Does The Addition Of Divalproex Sodium ER To An Atypical Antipsychotic Drug (APD) Improve Cognition And Psychopathology In Outpatients With Schizophrenia (SCH) Or Schizoaffective Disorder (SAD)?

Schizophrenia Clinical Trial

Official title:

Does The Addition Of Divalproex Sodium ER To An Atypical Antipsychotic Drug (APD) Improve Cognition And Psychopathology In Outpatients With Schizophrenia (SCH) Or Schizoaffective Disorder (SAD)?

Clinical Trial Details — Status: Completed

Administrative data

• NCT number: NCT00306475
• Other study ID #: 051231
• Status: Completed
• Phase: Phase 4
• First received: March 22, 2006
• Last updated: January 6, 2010
• Start date: March 2006
• Est. completion date: April 2008

Study information

• Verified date: January 2010
• Source: Vanderbilt University
• Contact: n/a
• Is FDA regulated: No
• Health authority: United States: Institutional Review Board
• Study type: Interventional

Clinical Trial Summary

The major objective of this proposal is to test the hypothesis that the addition of divalproex sodium to an atypical antipsychotic drug other than clozapine will significantly improve: a) cognition; and b) psychopathology (positive, negative, and mood symptoms) in a double-blind, randomized trial of 6 weeks duration in patients with schizophrenia or schizoaffective disorder.

Description:

Cognitive function is one of the most critical deficits in schizophrenia and schizoaffective disorder. It has been found that cognitive dysfunction may be even more important than positive or negative symptoms in predicting functional outcomes such as community adjustment, ability to work, social interactions, and caretaker burden.
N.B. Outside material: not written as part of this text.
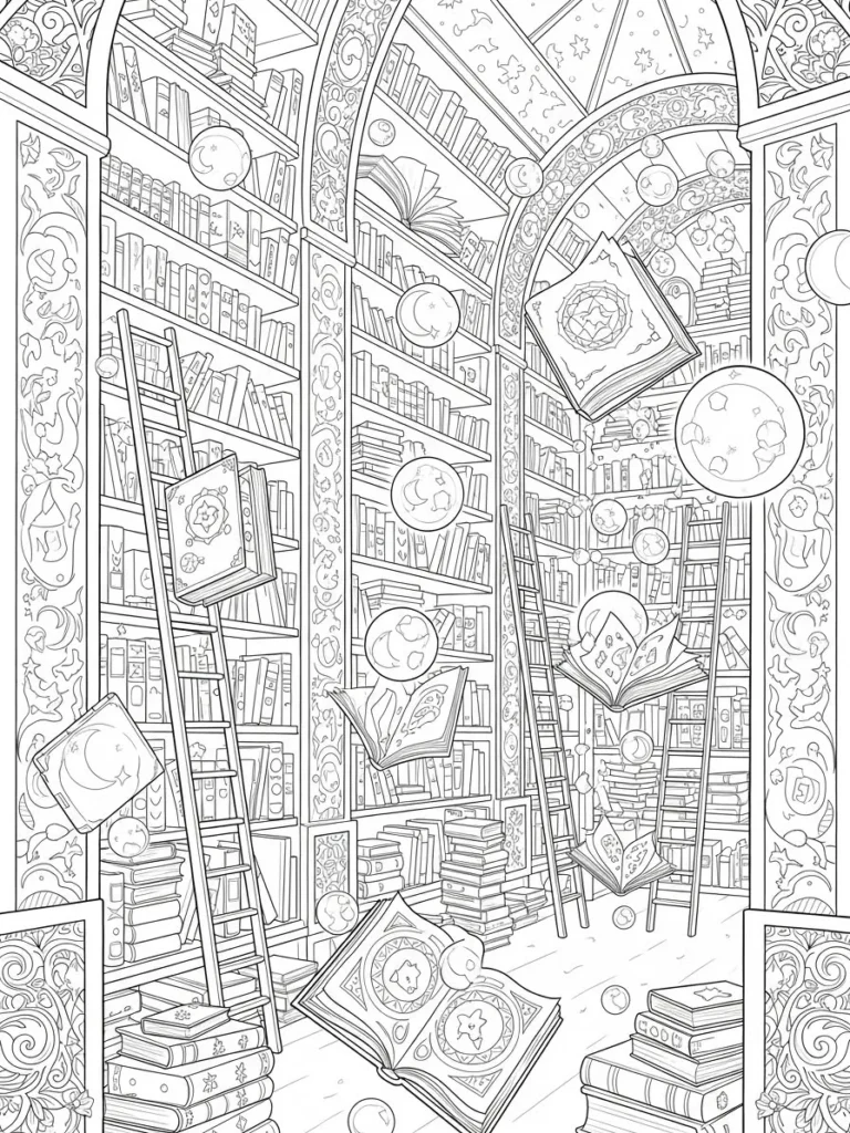 This coloring page shows a towering magical library filled with endless shelves of spellbooks stretching up toward a vaulted ceiling. Ladders lean against the shelves, stacks of books sit on the floor, and open tomes float gently through the air as glowing orbs drift around them. Ornate arches and decorative patterns frame the scene, giving it a grand and cozy wizard library feel at the same time. The fine detailed line work captures every book spine and swirling accent without feeling heavy, which makes the whole layout feel rich and immersive.

Preclinical data from our laboratory provided the rationale for a clinical trial to test whether divalproex sodium ER can improve cognitive impairment in patients.

The major objective of this proposal is to test the hypothesis that the addition of divalproex sodium to an atypical antipsychotic drug other than clozapine will significantly improve: a) cognition; and b) psychopathology (positive, negative, and mood symptoms) in a double-blind, randomized trial of 6 weeks duration in patients with schizophrenia or schizoaffective disorder.

Recruitment information / eligibility

• Status: Completed
• Enrollment: 60
• Est. completion date: April 2008
• Est. primary completion date: April 2008
• Accepts healthy volunteers: No
• Gender: Both
• Age group: 18 Years to 65 Years

Eligibility

Inclusion criteria

• Male or female, age 18-65

• DSM-IV diagnosis of schizophrenia or schizoaffective disorder

• Treated with olanzapine, aripiprazole, ziprasidone, quetiapine or risperidone monotherapy for at least three months prior to enrollment

• Able to provide written consent

Exclusion criteria

• Primary DSM-IV diagnosis other than schizophrenia or schizoaffective disorder

• Treatment with any antipsychotic other than olanzapine, aripiprazole, ziprasidone, quetiapine or risperidone in the past three months

• Treatment with a mood stabilizer or an antidepressant continuously in the past three months. Patients who have had it for less than two weeks continuously will be permitted to enter.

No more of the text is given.